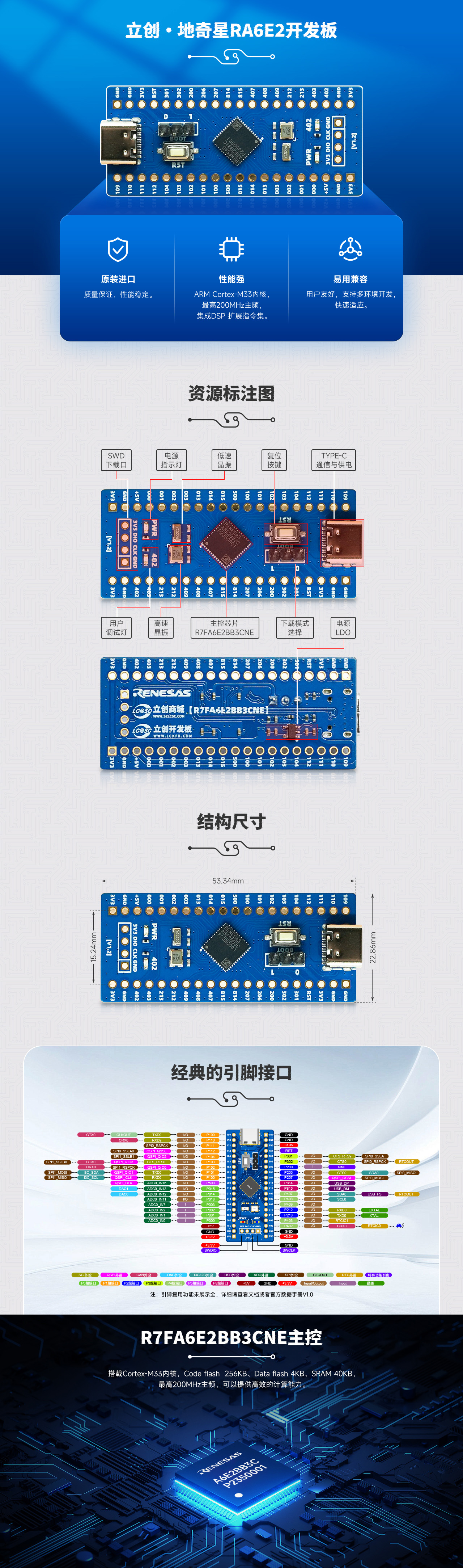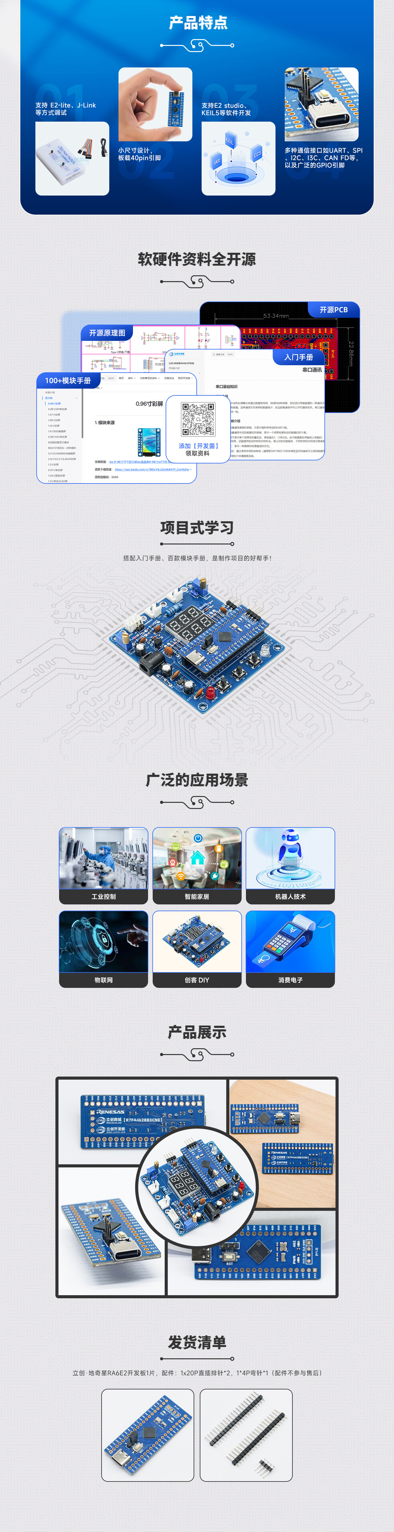- 发货清单:立创·地奇星RA6E2开发板1片,配件:1x20P直插排针*2,1*4P弯针*1(配件不参与售后)
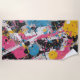 Dynamic abstract composition with bold splashes of pink, blue, yellow and black layered over textured white strokes. Energetic paint drips and spontaneous brush marks create a vibrant contemporary artwork full of movement, contrast and urban expression.
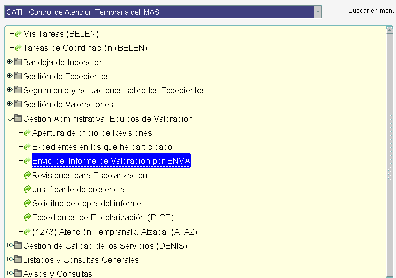 Para ello encontraremos en nuestro menú de CATI (dependiendo de nuestros permisos personales) dentro de sumenu de GESTION ADMINISTRATIVA EQUIPOS DE VALORACIÓN, la opción de Envío del Informe de Valoración por ENMA.

> **WORK INSTRUCTION**:
For the data above, return an exact copy that contains no pictures.

> **EXERCISE RESPONSE**:
- 发货清单:立创·地奇星RA6E2开发板1片,配件:1x20P直插排针*2,1*4P弯针*1(配件不参与售后)
 Dynamic abstract composition with bold splashes of pink, blue, yellow and black layered over textured white strokes. Energetic paint drips and spontaneous brush marks create a vibrant contemporary artwork full of movement, contrast and urban expression.
 Para ello encontraremos en nuestro menú de CATI (dependiendo de nuestros permisos personales) dentro de sumenu de GESTION ADMINISTRATIVA EQUIPOS DE VALORACIÓN, la opción de Envío del Informe de Valoración por ENMA.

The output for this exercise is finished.